Renato Raul Boschi - Professor/Pesquisador do Programa de Pós-Graduação em Ciência Política do IESP/UERJ (antigo IUPERJ) e Coordenador do Instituto Nacional de Ciência e Tecnologia em Políticas Públicas, Estratégias e Desenvolvimento (INCT/PPED). E-mail: rboschi@iesp.uerj.br

Carlos Eduardo Santos Pinho - Pós-Doutorando do Instituto Nacional de Ciência e Tecnologia em Políticas Públicas, Estratégias e Desenvolvimento (INCT/PPED); Pós-Doutor pelo Programa de Pós-Graduação em Sociologia Política, da Universidade Estadual do Norte Fluminense Darcy Ribeiro (PPGSP-UENF); Doutor e Mestre em Ciência Política pelo IESP/UERJ. E-mail: cpinho19@gmail.com

1. Introdução
  • De 2003 a 2014, o Brasil passou por um ciclo de inclusão social sem precedentes alicerçado no intervencionismo estatal propiciador do crescimento econômico amalgamado à redistribuição de renda e à instauração (inédita) de um mercado doméstico de consumo de massas
  • Todavia, de 2014 em diante, uma miríade de fatores políticos, econômicos e sociais convergiram para o esgotamento deste modelo de desenvolvimento, o que vem possibilitando uma (violenta) transição da variedade de capitalismo coordenada, democrática e regulada pelo Estado (BOSCHI, 2011, 2014; HALL e SOSKICE, 2001) para uma variedade de capitalismo ultraliberal, antidemocrática, desregulamentada e fundamentada na desproteção social
  • A atual agenda de políticas pró-mercado atribui aos gastos sociais a responsabilidade pela aceleração da dívida pública, da crise fiscal e da eventual insolvência do Estado brasileiro
  • Daí deriva, por parte dos arautos da austeridade encastelados na burocracia econômica do governo parlamentar, a defesa sistemática e intransigente da ruptura do contrato social civilizatório alicerçado na Carta Magna de 1988 e de seu arcabouço de políticas de previdência social, saúde e seguridade social
  • “Ao longo das duas últimas décadas, o Brasil observou um consistente aumento dos gastos públicos, o que agora coloca em risco a sustentabilidade fiscal (BANCO MUNDIAL, 2017, p. 7)”

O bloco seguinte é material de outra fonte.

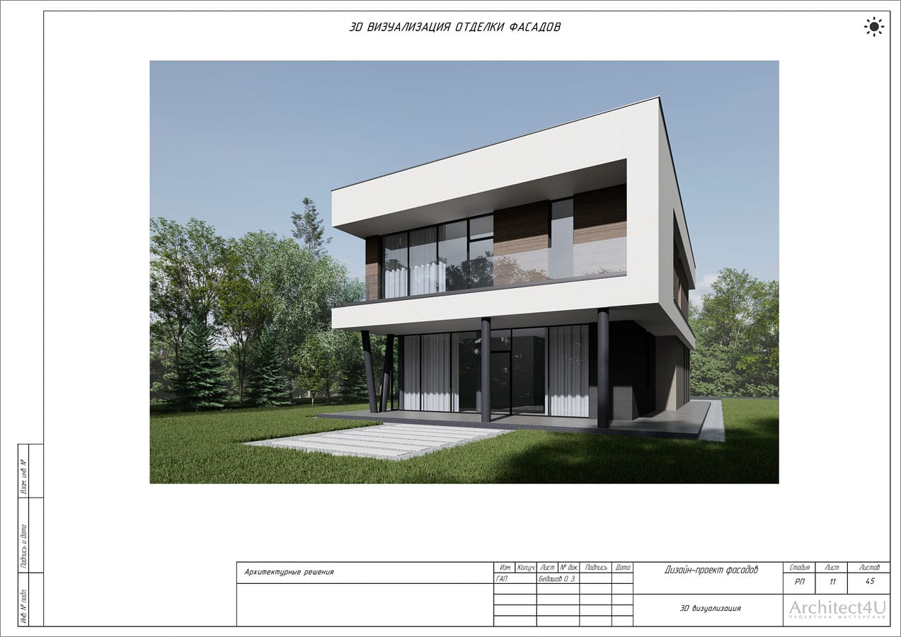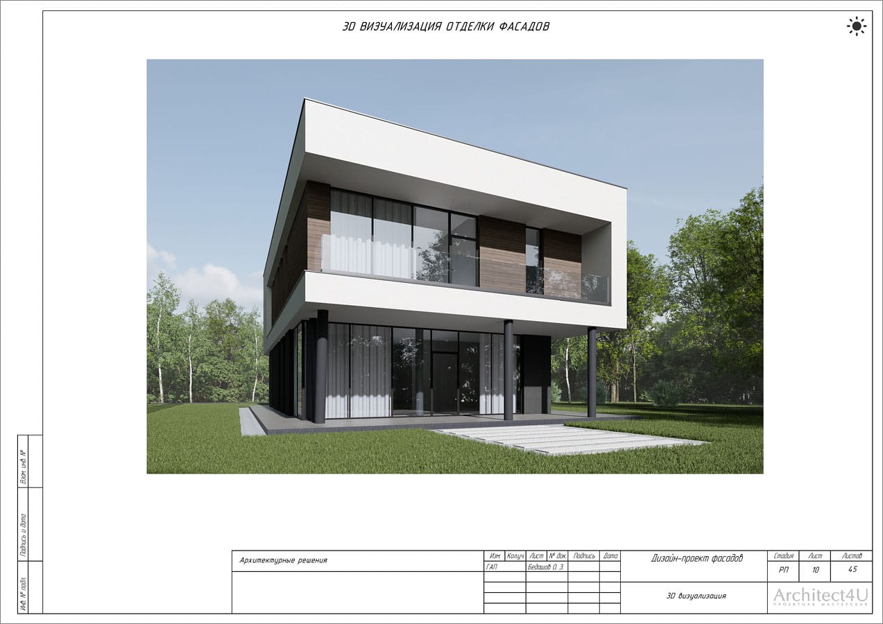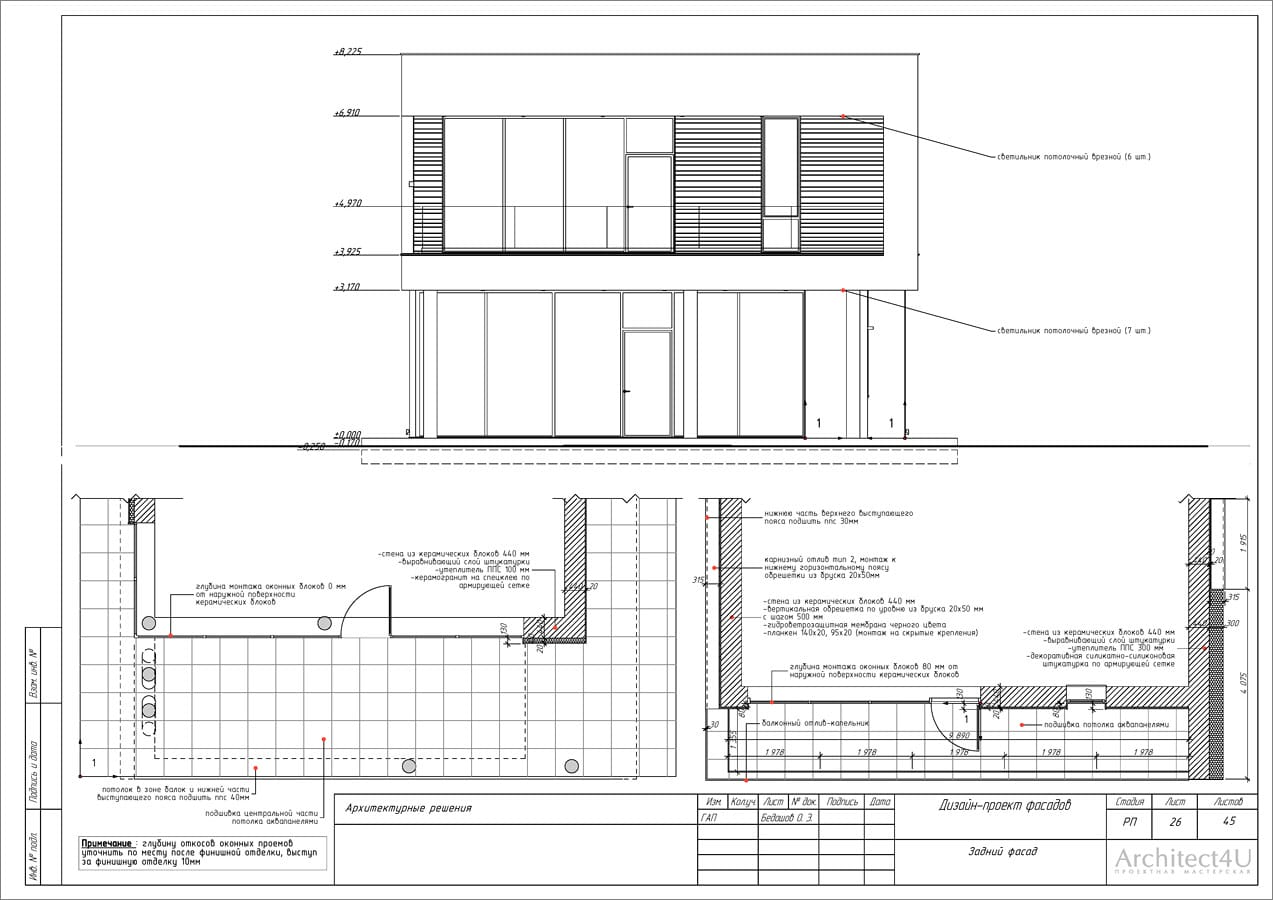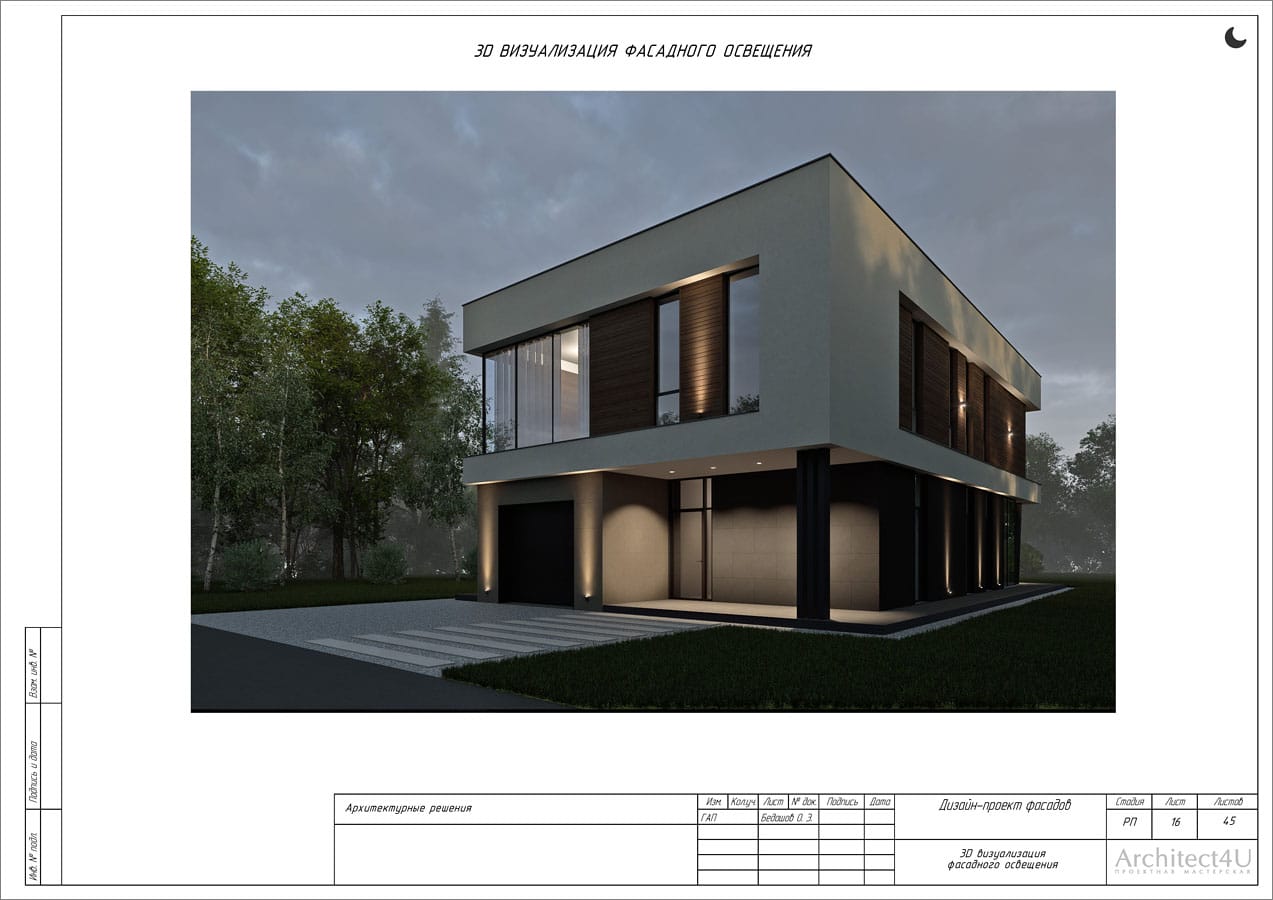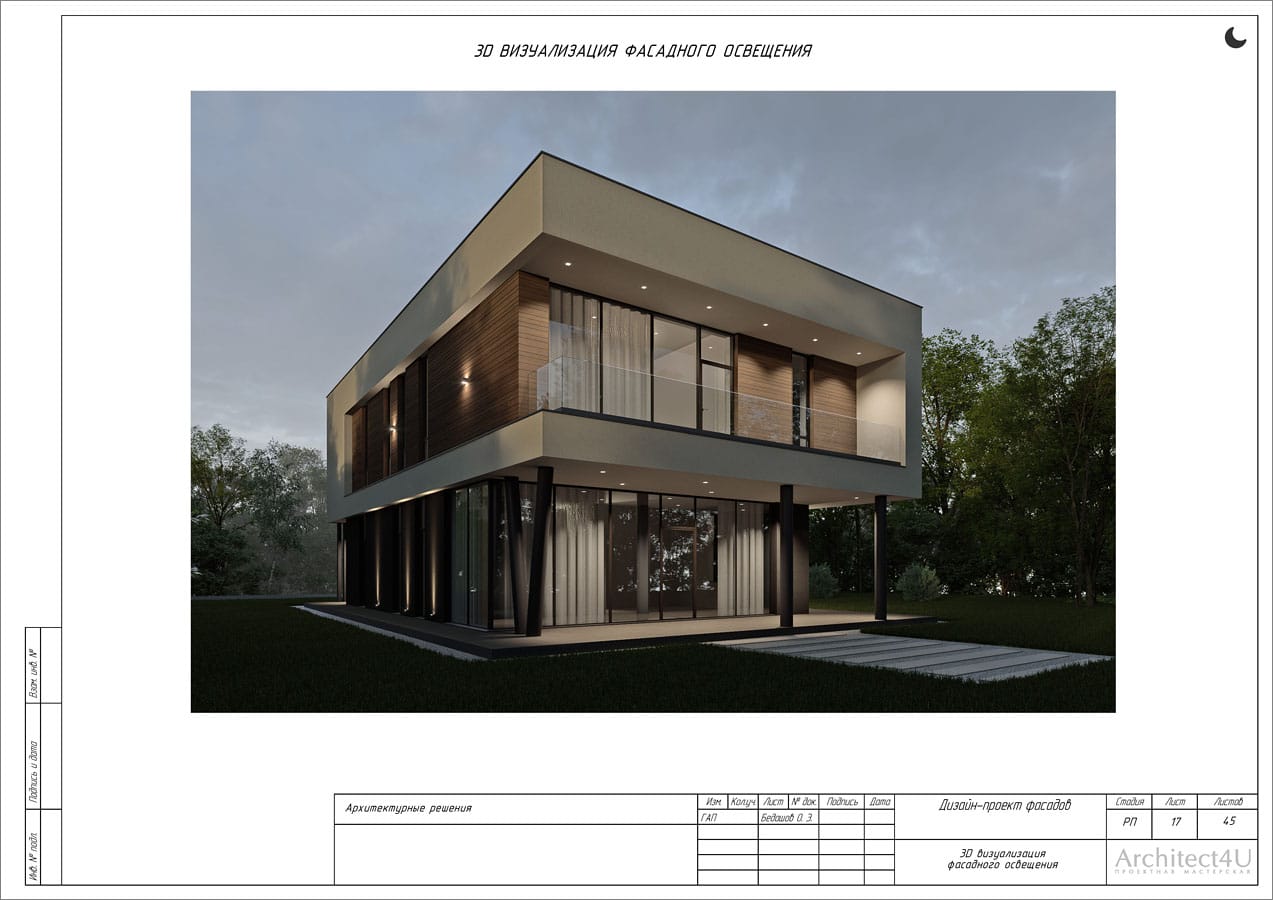 Рабочий проект фасадов дома с подсветкой

  • “Em dezembro de 2016, o Congresso aprovou uma emenda constitucional que introduziu um limite para as despesas primárias federais (o teto de gastos), o que forçará o Brasil a continuamente priorizar suas despesas federais (BANCO MUNDIAL, 2017, p. 30)”
  • As medidas de austeridade implementadas pelo governo ilegítimo e imerso em denúncias de corrupção de Michel Temer, blindam o capital financeiro – cada vez mais enraizado, estruturado e politicamente organizado – contra os interesses da democracia enquanto democracia representativa de massas e em nome de um mercado (que se pretende) autorregulável (DOWBOR, 2017; SANTOS, 2017; STREECK, 2013; FLEURY e PINHO, 2018; POLANYI, 2000);
  • O Brasil atual mostra que a austeridade não é apenas o preço da salvação dos bancos. Trata-se do preço que os bancos querem que alguém pague (BLYTH, 2017, p. 29).